W różnych sytuacjach, w których nie możesz sobie pozwolić na natychmiastowe zaspokojenie głodu nikotynowego, odczuwasz nie tyle ból fizyczny, co specyficzny rodzaj niepokoju, mówiacy, że "czegos ci brakuje".
To coś siedzi w towoej głowie i woła o następnego papierosa. Nazwij to jak chcesz. Czujesz, że coś tam siedzi i co jakiś czas przypomina o sobie. Palac paczkę dziennie (20 papierosów), przymus sięgnięcia po kolejnego papierosa czułam już mniej więcej po około pół godz. od zapalenia poprzedniego.
Spirala uzależnienia właśnie tak działa - zaspokojenie uczucia głodu nigdy nie jest wystarczajace i całkowite. Opiera się tylko i wyłacznie na doraźnym zaspokojeniu potrzeby zapalenia. Każdy palacy zdaje sobie sprawę, że za 10 minut, za pół godziny, za godzinę ten głód powróci.

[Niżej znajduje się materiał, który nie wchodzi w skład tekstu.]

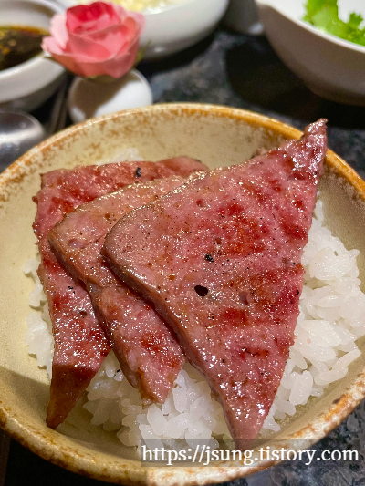 1인당 43,000원으로 양 등심, 양 갈비, 양 프렌치렉, 양 불고기, 양 샤브샤브, 양 스팸, 솥밥과 오차즈케까지 먹을 수 있는 곳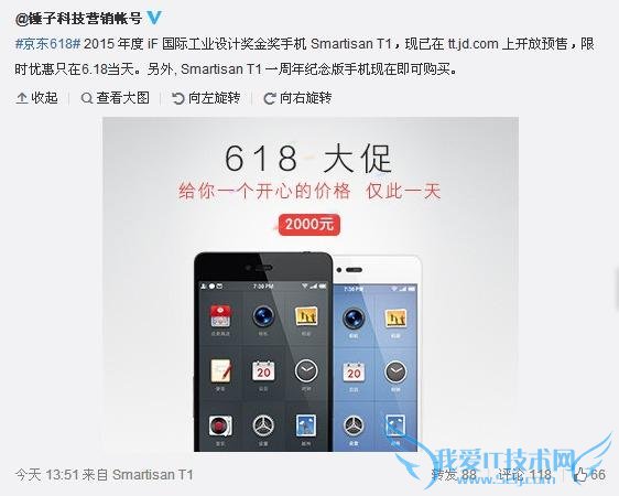 关于奋战618锤子手机也降价 只卖2000元仅限当天的用户互动如下: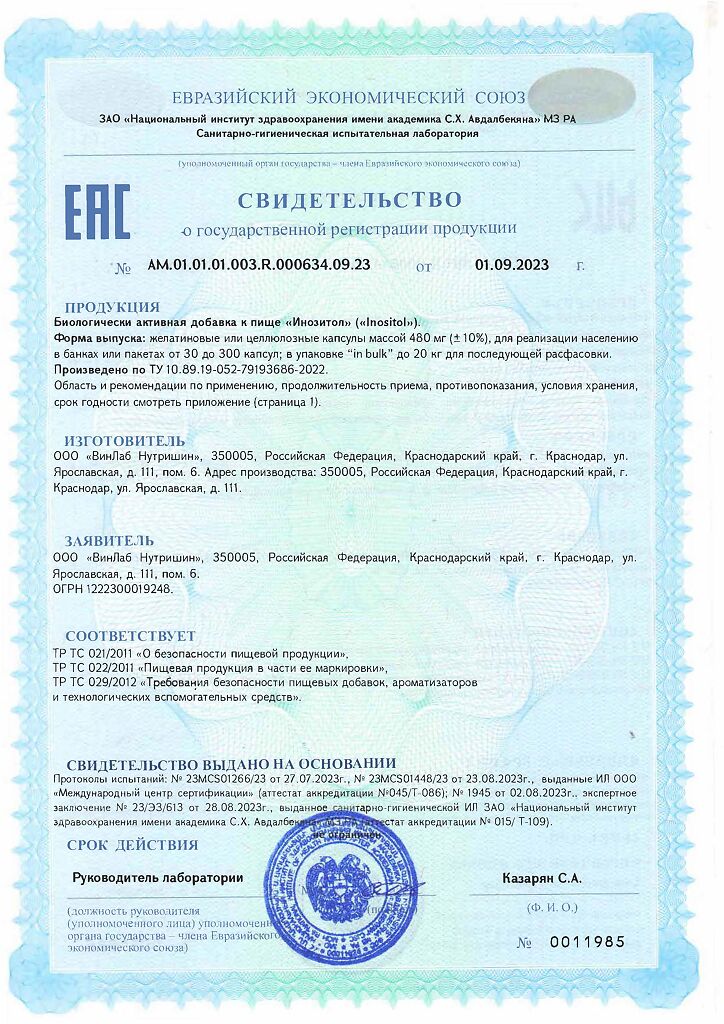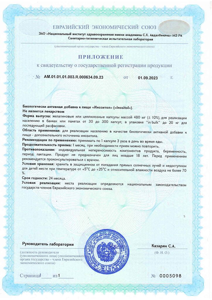 Документы 1WIN Инозитол / Inositol капсулы массой 480 мг 90 шт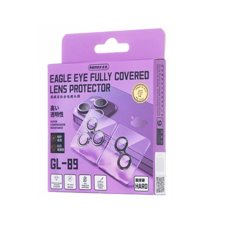 Защитное стекло линзы камеры Remax GL-89 для iPhone 15 Pro/15 Pro Max (комплект 3 шт.) Черный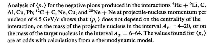 Analysis of {pt) for the negative pions produced in the interactions 4He + 6Li, C, Al, Cu, Pb; I2C + C, Ne, Cu; and 20Ne + Ne at projectile-nucleus momentum per nucleon of 4.5 GeV/c shows that {pt) does not depend on the centrality of the interaction, on the mass of the projectile nucleus in the interval AP — 4—20, or on the mass of the target nucleus in the interval^ = 6-64. The values found for {pt) are at odds with calculations from a thermodynamic model.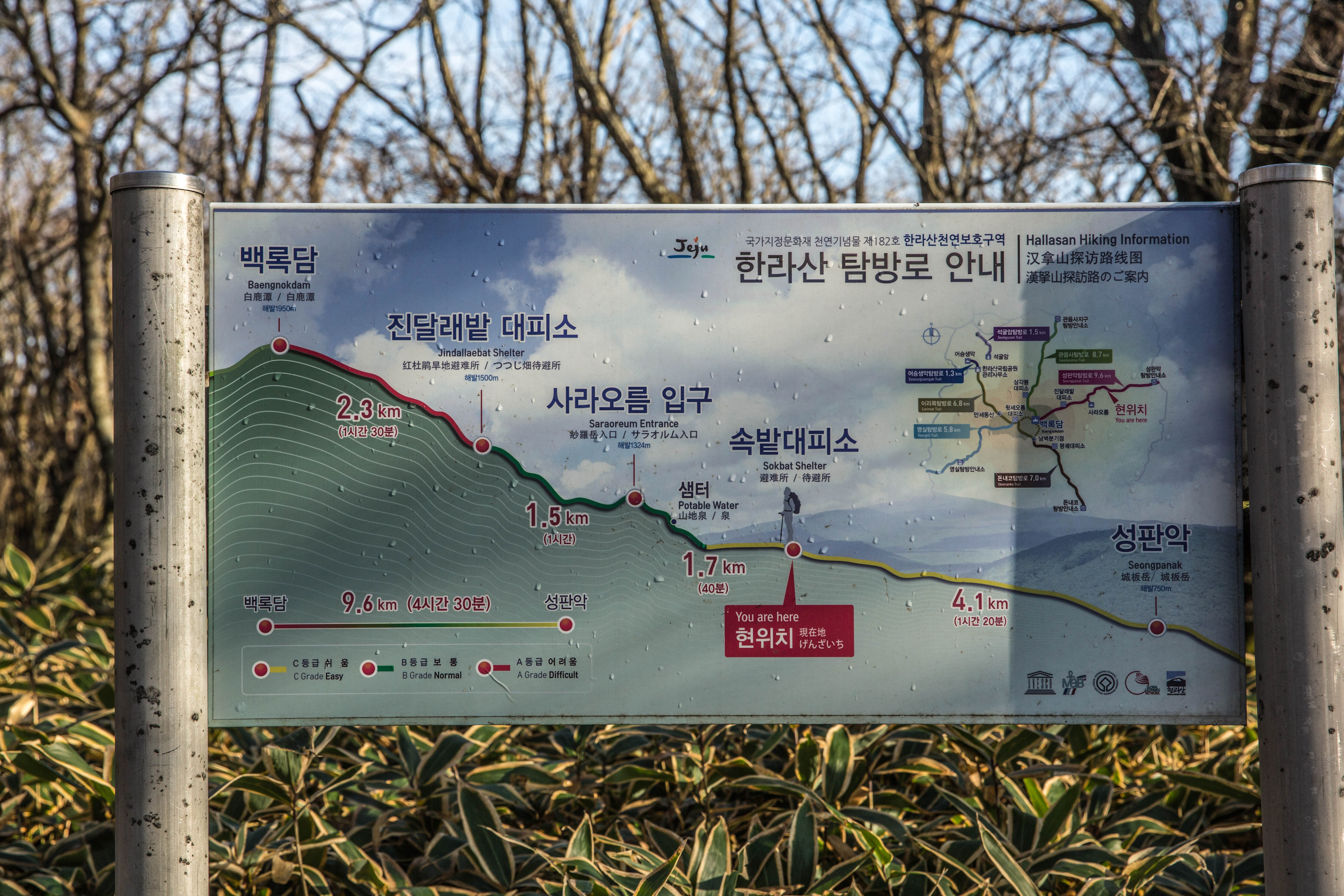 Hallasan mountain have different trail and two of them are going to the summit. The Seongpanak trail that we went and the Gwaneumsa Trail that we were planning to return down from. Due to blockage of the Gwaneumsa Trail we had to return down the same trail as we came from. The Gwaneumsa trail supposed to be more strenuous with fantastic sceneries.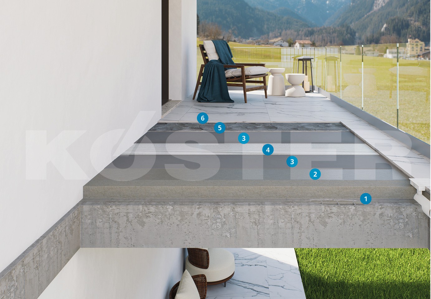 The mineral waterproofing of balconies and terraces is carried out with crack bridging KÖSTER NB Elastic (white or grey). This waterproofing is resistant to foot traffic and can be covered with tiles. It also bonds to damp substrates.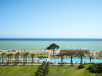 Во-первых, везде очень грязно, начиная от пола в номере, заканчивая детскими столиками в ресторане. Причём, персонал абсолютно игнорирует просьбы об уборке. Ножки ребёнка, который по номеру бегал босиком, моментально становились чёрными, причём даже сразу после уборки. А это значит, что во всем отеле царит антисанитария. Во-вторых, будьте готовы к наплевательскому отношению персонала, зачастую не говорящему ни на каком языке кроме турецкого. Знание вами английского и русского вам не поможет. В день заезда нам поставили в номер какой-то протухший букет, наверное, это традиции такие. Выход к бассейну из нашей виллы был через... грязь. Ну то есть, везде газон, а у порога прямо метра три грязи, не обойти, не перепрыгнуть. Ни один из ресторанов не приспособлен для передвижения с коляской, везде лестницы. Качество еды запредельно низкое, мясо и рыба сухие, пережаренные, пересоленные либо совсем не солёные, паста разваренная, выбор фруктов на грани прожиточного минимума. A la carte рестораны вообще фикция, то же унизительное качество еды, только с убогим обслуживанием. С алкоголем всё ещё хуже, дешевое чилийское вино за 300 рублей, крепкий алкоголь без имени и бармены, совершенно не умеющие делать какие-либо коктейли. Несмотря на то, что пляж песчаный, вход в море через гальку, неровный, с обрывами, иногда попадались булыжники размером с голову, за пляжем не следят совершенно. Лежаки постоянно забиты все. В общем, гостиница никак не пятизвездочная, да и по соотношению цена/качество просто за гранью добра и зла.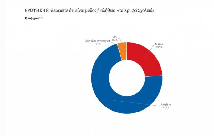 Δεν θα μπούμε στη συζήτηση για το Κρυφό Σχολειό, αφού αυτό που μας ενδιαφέρει είναι πώς το αντιμετωπίζει ο μέσος πολίτης. Παρά την αμφισβήτησή του από πολλούς ιστορικούς τα τελευταία χρόνια, το 71,7% των Ελλήνων θεωρεί πως όντως συνέβη.

Logicznie rozumujac, jeśli twoje uzależnienie ma charakter psychiczny, emocjonalny to jesteś w stanie przejać kontrolę nad swoimi emocjami, a tym samym w dalszej perspektywie uwolnić się skutecznie od papierosów.
Na podstawie swoich doświadczeń z rzucaniem palenia, powracaniem do niego i wielu podejmowanych prób, mogę stwierdzić, że jedynie zmiana sposobu myślenia, zmiana przekonań na temat tej aktywności oraz uświadomienie sobie kilku rzeczy doprowadziło mnie do punktu, w którym już nie potrzebowałam papierosów.
Po co szukać czegoś na zewnatrz, co "uwolni cię" od nałogu, podczas gdy wszystko, czego potrzebujesz, by z nim zerwać jest już w tobie?